[Dataset items]
* * *
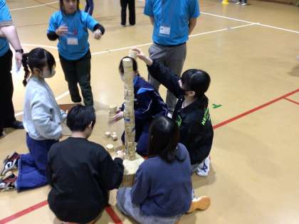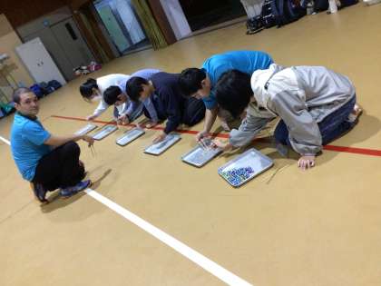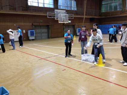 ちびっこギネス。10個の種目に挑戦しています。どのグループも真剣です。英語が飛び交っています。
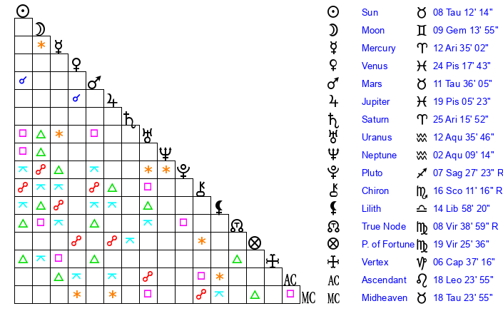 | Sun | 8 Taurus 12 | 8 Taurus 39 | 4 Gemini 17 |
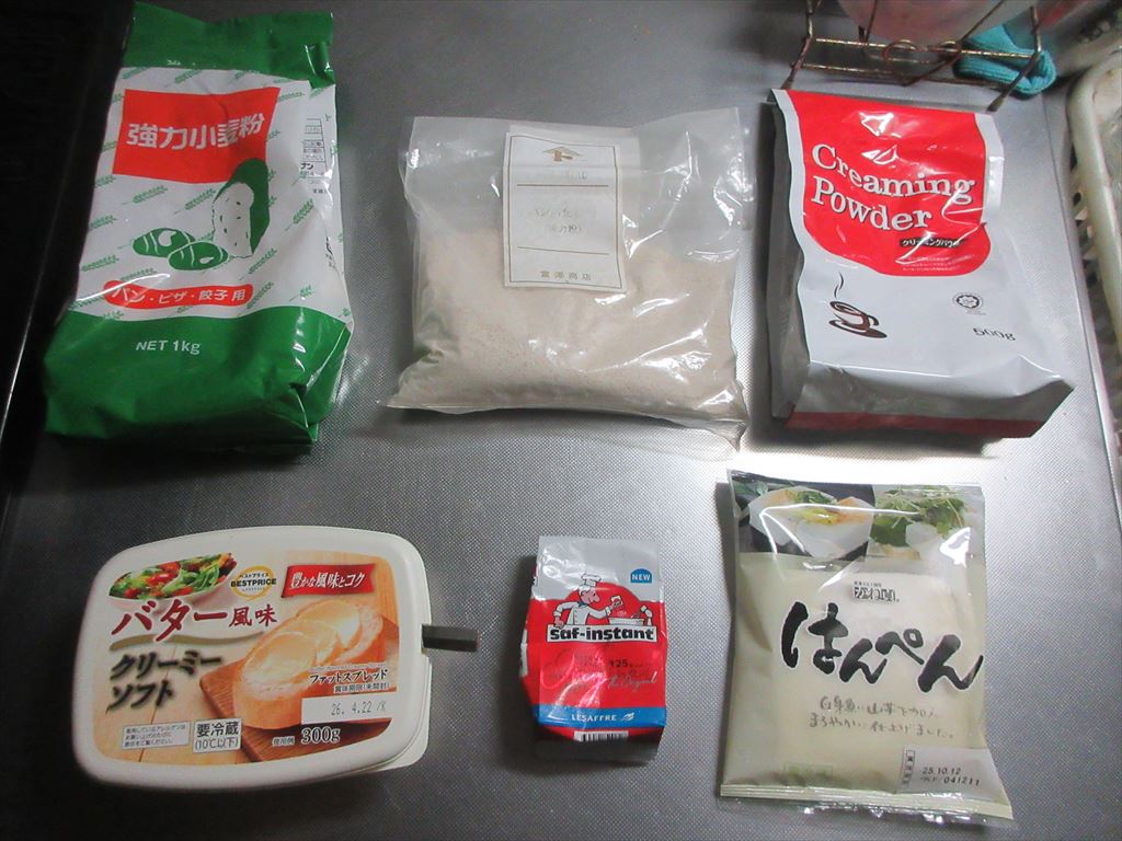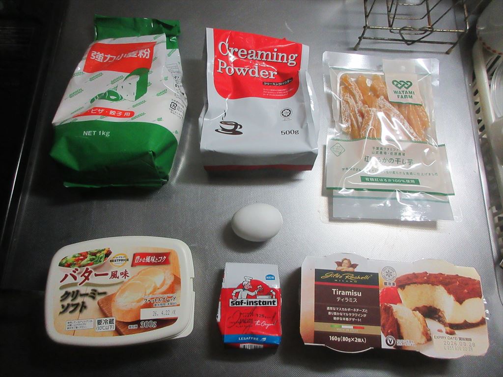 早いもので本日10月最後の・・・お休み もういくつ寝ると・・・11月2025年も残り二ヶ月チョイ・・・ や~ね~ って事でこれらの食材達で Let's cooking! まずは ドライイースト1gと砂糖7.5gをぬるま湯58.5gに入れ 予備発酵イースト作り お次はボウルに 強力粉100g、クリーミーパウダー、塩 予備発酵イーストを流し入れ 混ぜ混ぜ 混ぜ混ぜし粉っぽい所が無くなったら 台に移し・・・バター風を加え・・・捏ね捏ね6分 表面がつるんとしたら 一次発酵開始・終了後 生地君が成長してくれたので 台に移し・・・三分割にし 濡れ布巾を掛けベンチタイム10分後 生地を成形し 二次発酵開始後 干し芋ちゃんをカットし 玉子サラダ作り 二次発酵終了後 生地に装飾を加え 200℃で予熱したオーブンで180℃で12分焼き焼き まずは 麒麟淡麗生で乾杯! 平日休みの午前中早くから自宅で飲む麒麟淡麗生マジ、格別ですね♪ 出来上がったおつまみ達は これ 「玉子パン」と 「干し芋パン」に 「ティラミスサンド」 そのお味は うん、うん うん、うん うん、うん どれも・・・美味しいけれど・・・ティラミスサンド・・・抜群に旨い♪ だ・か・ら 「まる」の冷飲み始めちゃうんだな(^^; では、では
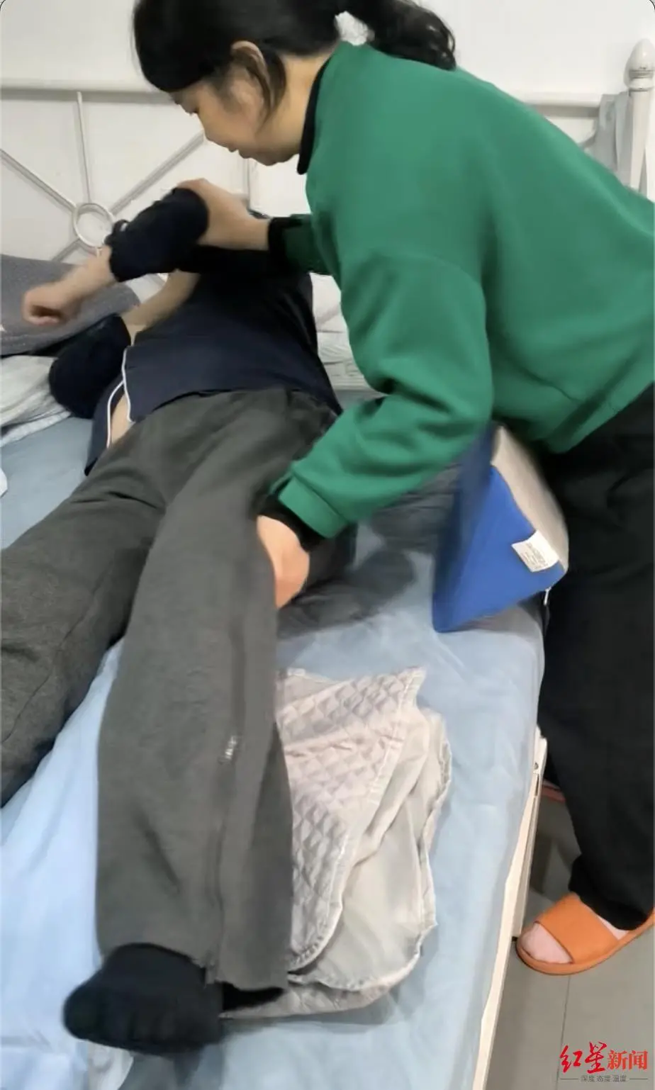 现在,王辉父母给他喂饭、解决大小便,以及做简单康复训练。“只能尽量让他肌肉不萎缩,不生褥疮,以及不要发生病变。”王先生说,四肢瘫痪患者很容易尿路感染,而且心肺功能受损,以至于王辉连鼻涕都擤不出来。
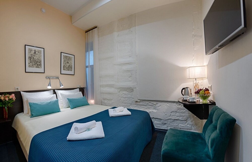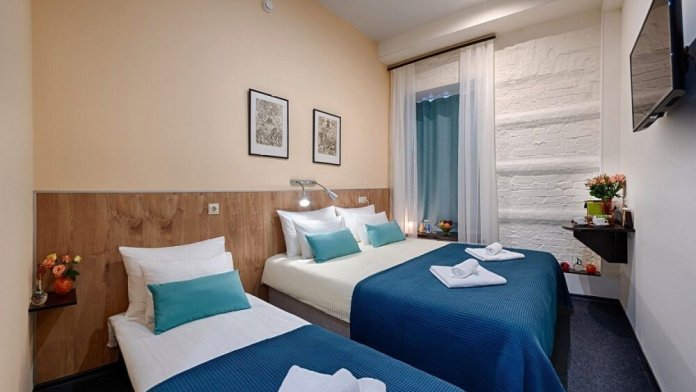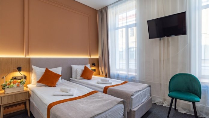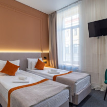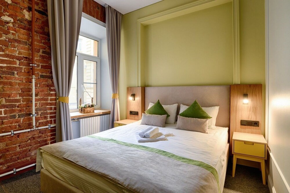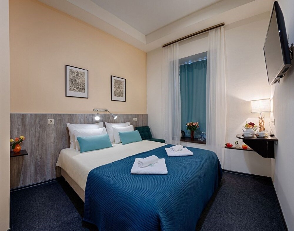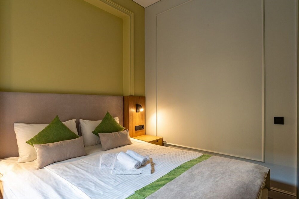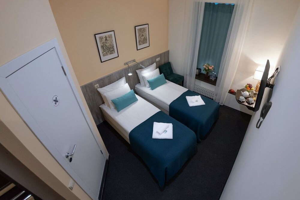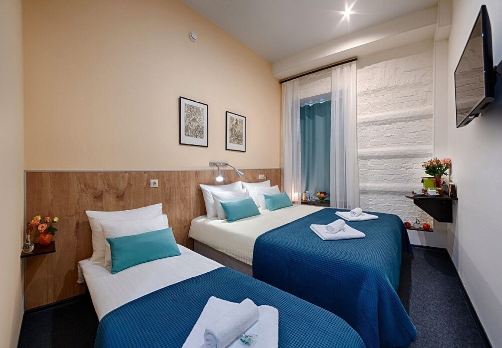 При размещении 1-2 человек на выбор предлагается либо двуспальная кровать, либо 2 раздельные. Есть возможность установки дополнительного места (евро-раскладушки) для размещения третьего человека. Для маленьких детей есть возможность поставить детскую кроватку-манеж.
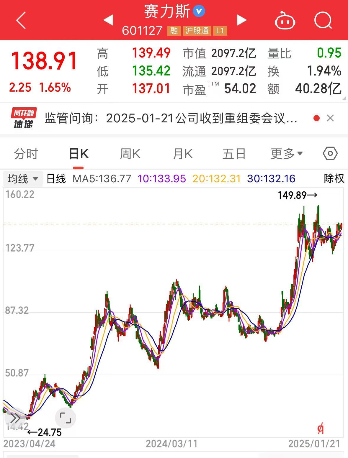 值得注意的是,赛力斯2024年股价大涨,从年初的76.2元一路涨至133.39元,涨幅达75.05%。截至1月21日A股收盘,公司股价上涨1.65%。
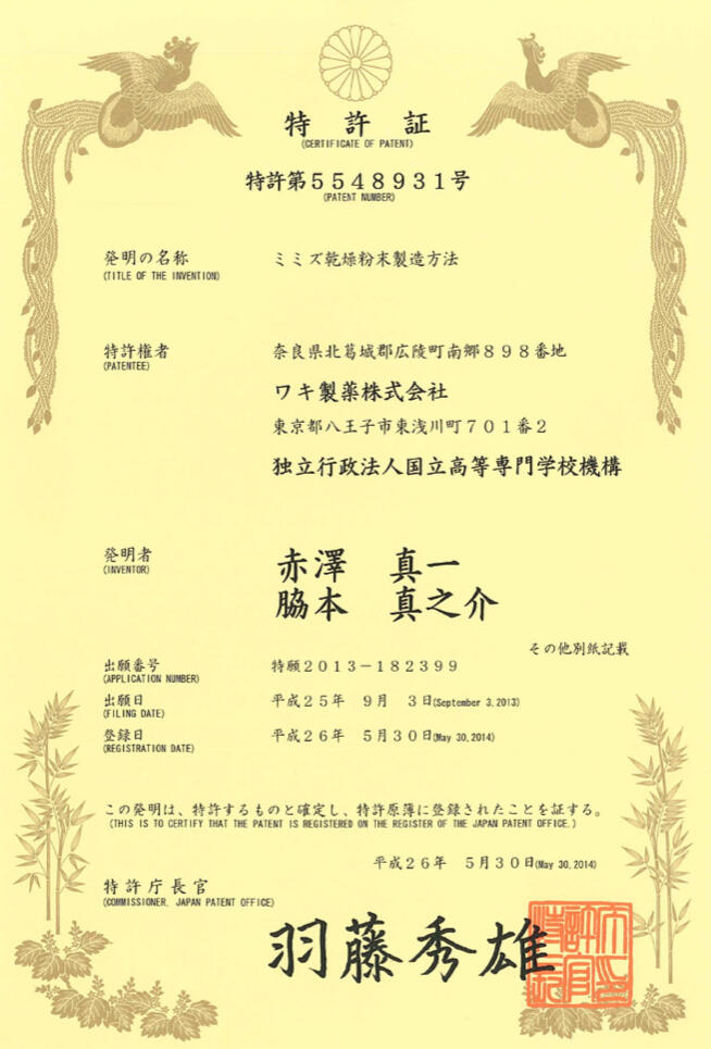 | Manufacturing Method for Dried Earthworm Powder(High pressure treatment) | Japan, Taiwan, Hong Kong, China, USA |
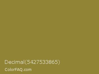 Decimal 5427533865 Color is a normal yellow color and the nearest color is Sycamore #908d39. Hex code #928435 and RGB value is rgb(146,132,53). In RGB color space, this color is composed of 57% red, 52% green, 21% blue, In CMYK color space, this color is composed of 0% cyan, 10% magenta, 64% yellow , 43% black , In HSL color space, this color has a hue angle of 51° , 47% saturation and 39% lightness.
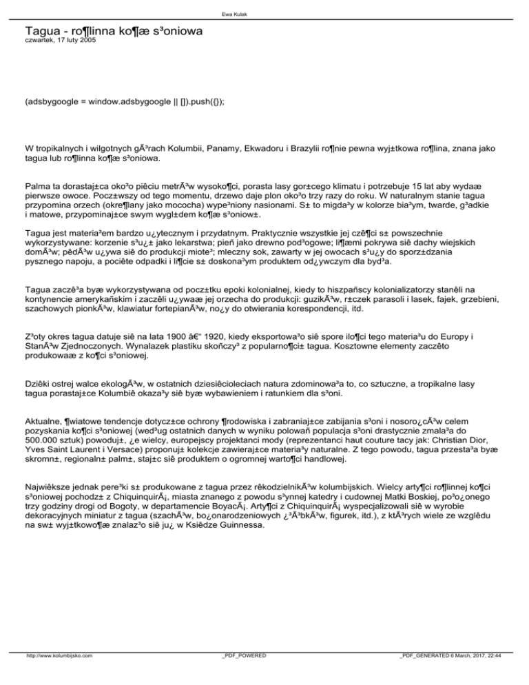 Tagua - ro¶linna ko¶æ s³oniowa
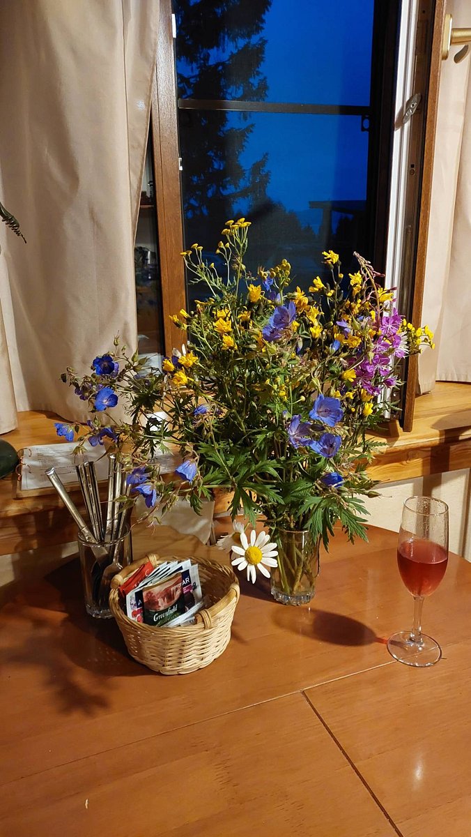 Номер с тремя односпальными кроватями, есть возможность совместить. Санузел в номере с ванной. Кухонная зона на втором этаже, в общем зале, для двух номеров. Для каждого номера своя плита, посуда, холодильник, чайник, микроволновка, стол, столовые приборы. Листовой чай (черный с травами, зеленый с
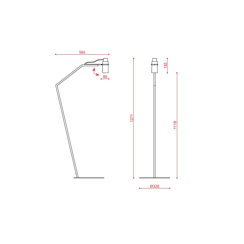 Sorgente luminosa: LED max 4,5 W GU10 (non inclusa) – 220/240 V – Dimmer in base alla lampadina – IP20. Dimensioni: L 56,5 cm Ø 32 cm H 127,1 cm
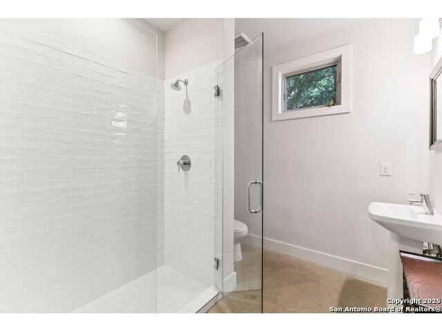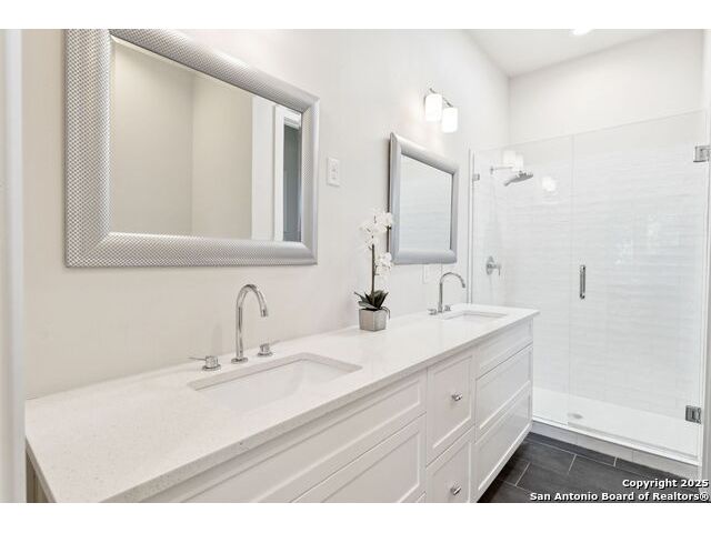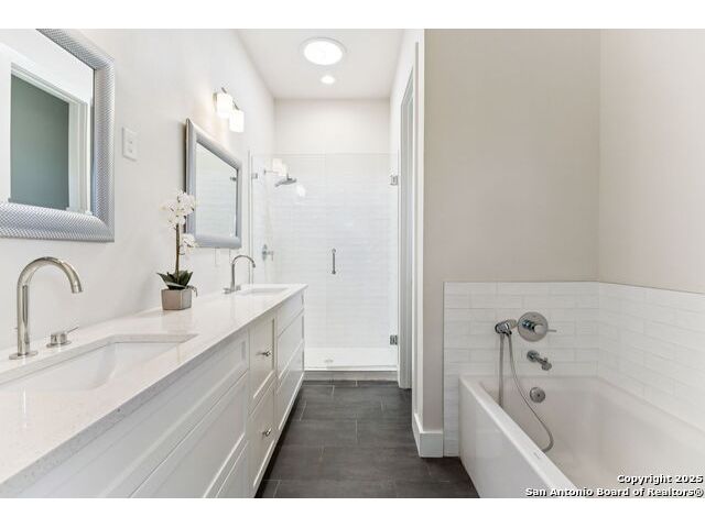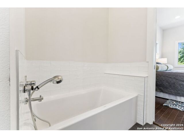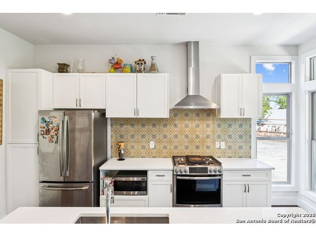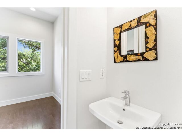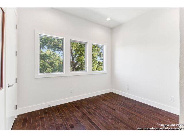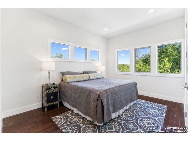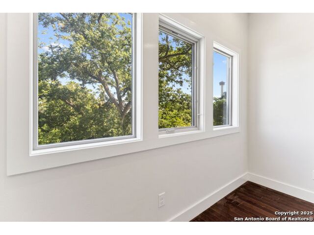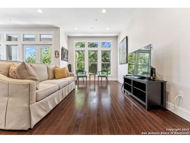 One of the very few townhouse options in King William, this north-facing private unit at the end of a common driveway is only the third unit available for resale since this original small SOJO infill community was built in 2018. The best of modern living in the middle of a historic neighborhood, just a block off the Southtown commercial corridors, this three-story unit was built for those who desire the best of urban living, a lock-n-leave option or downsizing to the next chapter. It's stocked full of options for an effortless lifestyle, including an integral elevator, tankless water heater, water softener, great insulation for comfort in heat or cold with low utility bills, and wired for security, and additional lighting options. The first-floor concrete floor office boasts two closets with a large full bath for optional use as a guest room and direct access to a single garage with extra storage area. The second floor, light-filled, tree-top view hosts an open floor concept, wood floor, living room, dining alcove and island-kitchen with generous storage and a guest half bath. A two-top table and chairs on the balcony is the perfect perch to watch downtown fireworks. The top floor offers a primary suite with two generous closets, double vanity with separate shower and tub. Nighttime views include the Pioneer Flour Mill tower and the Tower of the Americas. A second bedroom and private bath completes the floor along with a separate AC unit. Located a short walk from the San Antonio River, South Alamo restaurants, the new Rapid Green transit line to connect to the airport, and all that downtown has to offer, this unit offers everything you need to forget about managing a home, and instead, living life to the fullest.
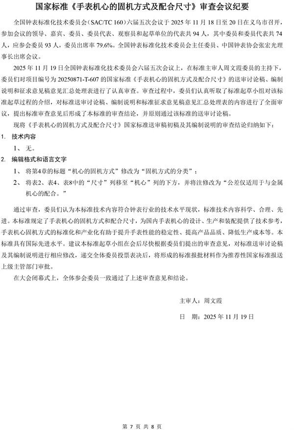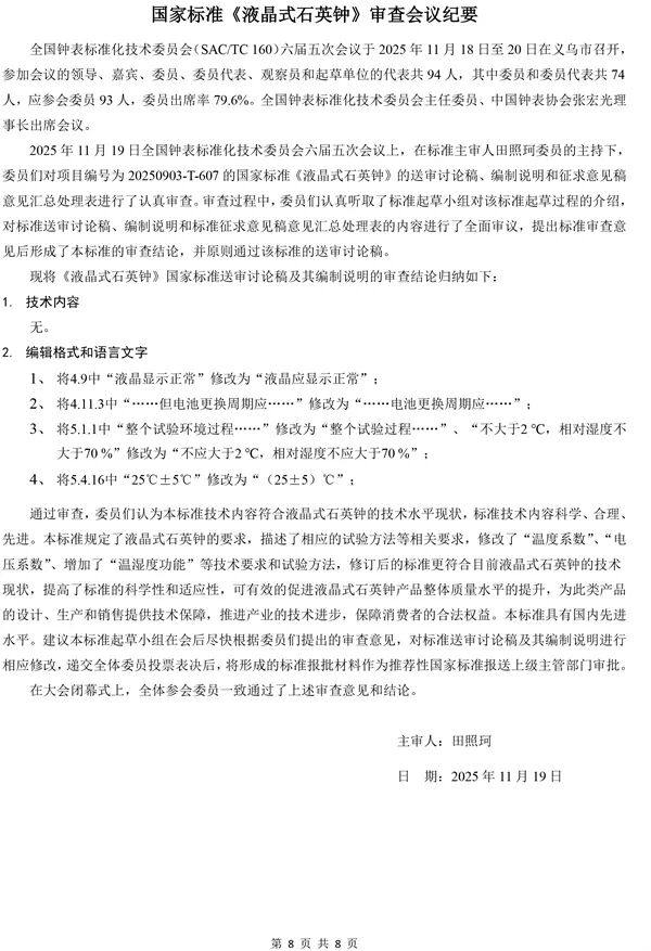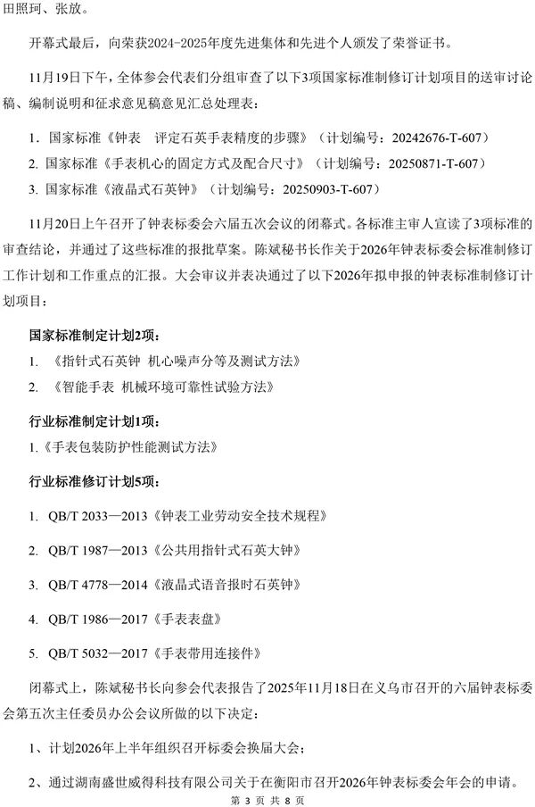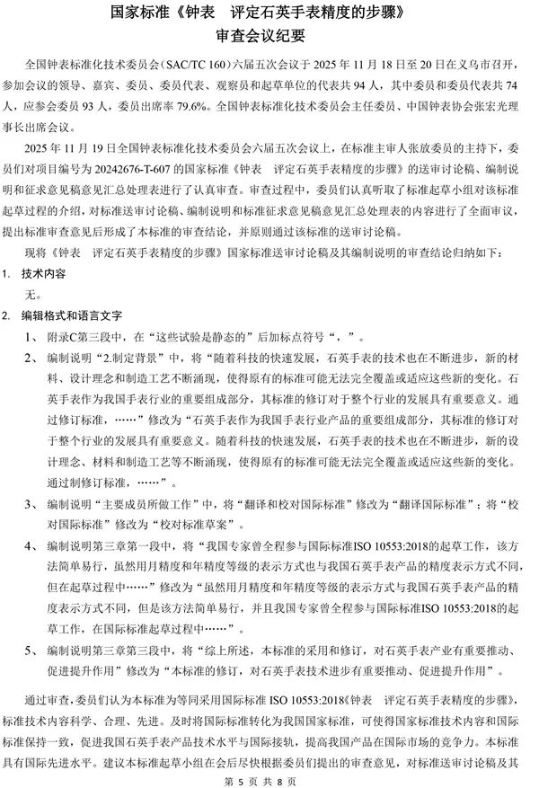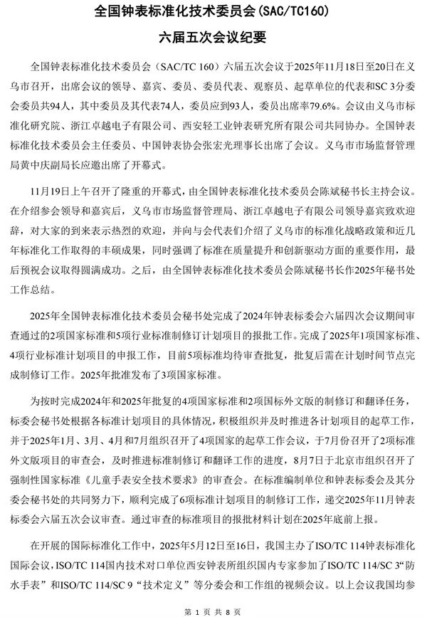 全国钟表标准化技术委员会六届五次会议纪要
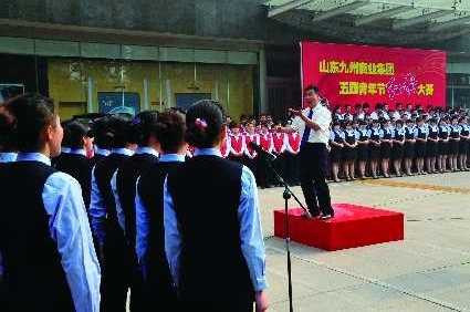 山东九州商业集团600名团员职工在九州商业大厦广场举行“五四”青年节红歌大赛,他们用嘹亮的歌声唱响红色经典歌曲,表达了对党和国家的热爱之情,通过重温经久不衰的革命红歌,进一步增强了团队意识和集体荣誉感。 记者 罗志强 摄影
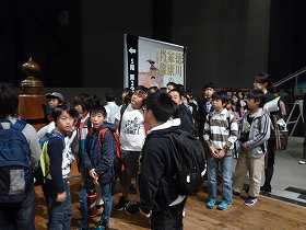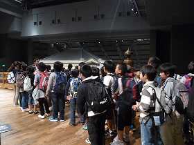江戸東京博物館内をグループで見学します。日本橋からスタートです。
* * *
What you are asked to do:
What is needed is an exact copy of the lines above, from the one holding "Tagua - ro¶linna ko¶æ s³oniowa" down to the one holding "Sorgente luminosa: LED", with those two included and the pictures left out.

Answer to this problem:
 Tagua - ro¶linna ko¶æ s³oniowa
 Номер с тремя односпальными кроватями, есть возможность совместить. Санузел в номере с ванной. Кухонная зона на втором этаже, в общем зале, для двух номеров. Для каждого номера своя плита, посуда, холодильник, чайник, микроволновка, стол, столовые приборы. Листовой чай (черный с травами, зеленый с
 Sorgente luminosa: LED max 4,5 W GU10 (non inclusa) – 220/240 V – Dimmer in base alla lampadina – IP20. Dimensioni: L 56,5 cm Ø 32 cm H 127,1 cm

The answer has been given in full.